Судя по всему, разговор был достаточно непринужденным и в основном касался традиционных для Алексея Петровича тем — Паскевич, немцы.

Осмелимся предположить, что смысловое зерно разговора определяют два имени: Курбского и Карамзина.

То, что Алексей Петрович говорил о «записках», то бишь посланиях Курбского к Грозному, с любовью — «con amore» (любопытно, что Пушкин написал эти слова по-итальянски, неужто Ермолов демонстрировал перед ним свое знание итальянского?) — чрезвычайно симптоматично.
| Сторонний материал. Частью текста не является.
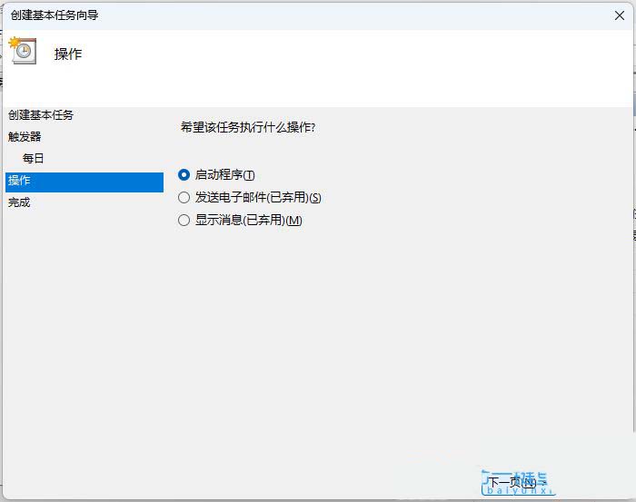 6、执行操作,选择【启动程序】,再点击【下一页】;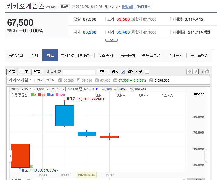 카카오게임즈 상장 시작가는 48,000원이었는데, 89,100원까지 올랐다가 현재(2020년9월16일) 67,500원입니다. 89,100원까지 상장했던 카카오게임즈 주가가 증권플러스 비상장앱에서 얼마에 거래되었는지 한번 살펴볼께요!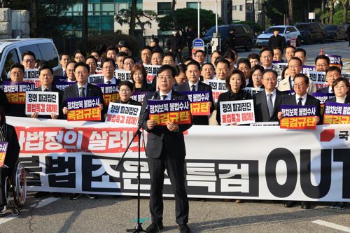 송언석 원내대표는 "조은석 특검의 추경호 전 원내대표에 대한 수사는 개인에 대한 수사가 아니라 원내 2당인 국민의힘을 내란 세력으로 엮어 말살하겠다는 시도"라며 "야당의 존재를 지워버리겠다는 무도한 책동"이라고 비판했습니다.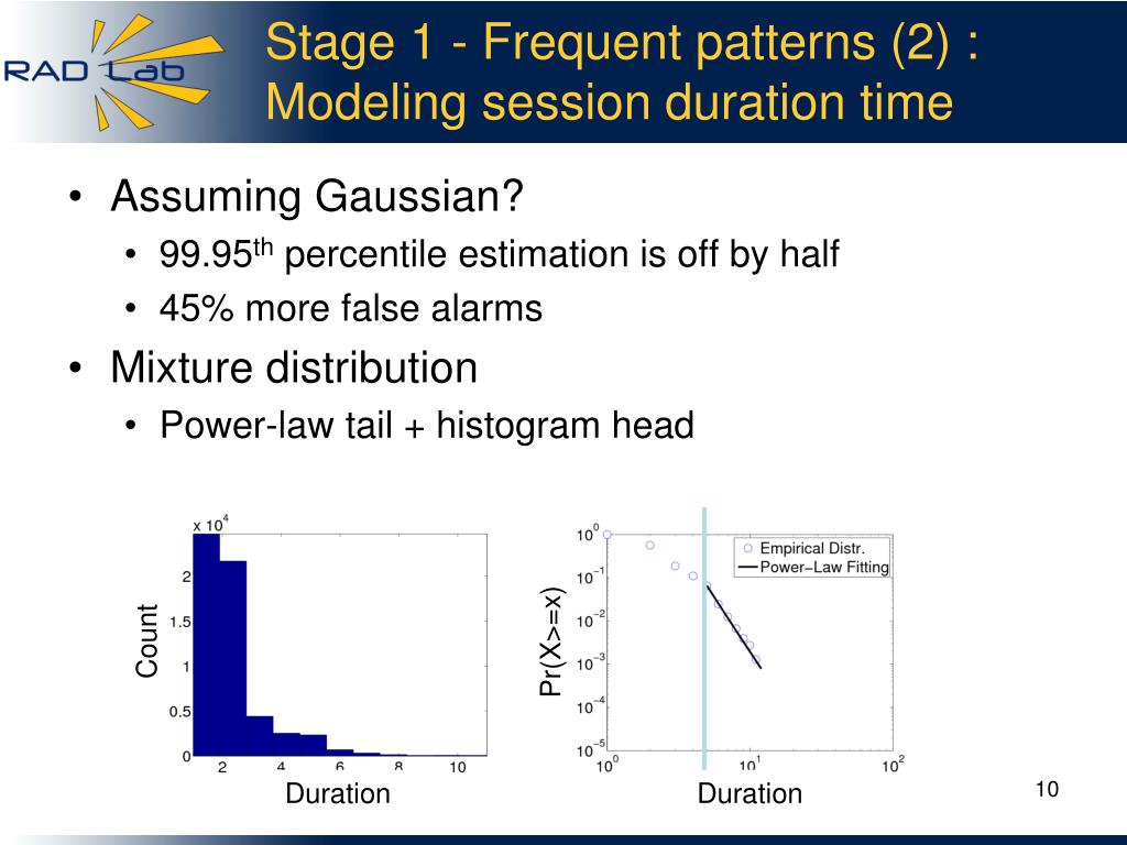 Stage 1 - Frequent patterns (2) : Modeling session duration time Count Pr(X>=x) • Assuming Gaussian? • 99.95th percentile estimation is off by half • 45% more false alarms • Mixture distribution • Power-law tail + histogram head Duration Duration

Стало быть, он не считал его предателем, но признавал за ним — и не только за ним — право на сопротивление деспоту любыми средствами.

Он, Ермолов, как и Курбский, был полководцем с крупными заслугами перед отечеством, незаслуженно впавшим в опалу.

Жаль, что Пушкин не сообщил подробностей разговора. Но он понимал опасность такого поворота беседы и только обозначил главное — Ермолов одобрял Курбского. Этого более чем достаточно.

Что до «Истории» Карамзина, то Пушкин ценил в ней объективность и преданность эмпирике. Ермолова это не устраивало.

Он предпочел бы, чтобы великий историограф следовал его примеру. Ведь его собственная биография написана хотя и не «пламенным пером», а сдержанным римским стилем, но именно по этому принципу: восхождение героя от «ничтожества» — мальчик из небогатой и незнатной семьи восходит своим могучим усилием, своими «подвигами», несмотря на происки врагов, к славе и могуществу — кавказское проконсульство. А в идеале он должен был достигнуть целей куда более значительных.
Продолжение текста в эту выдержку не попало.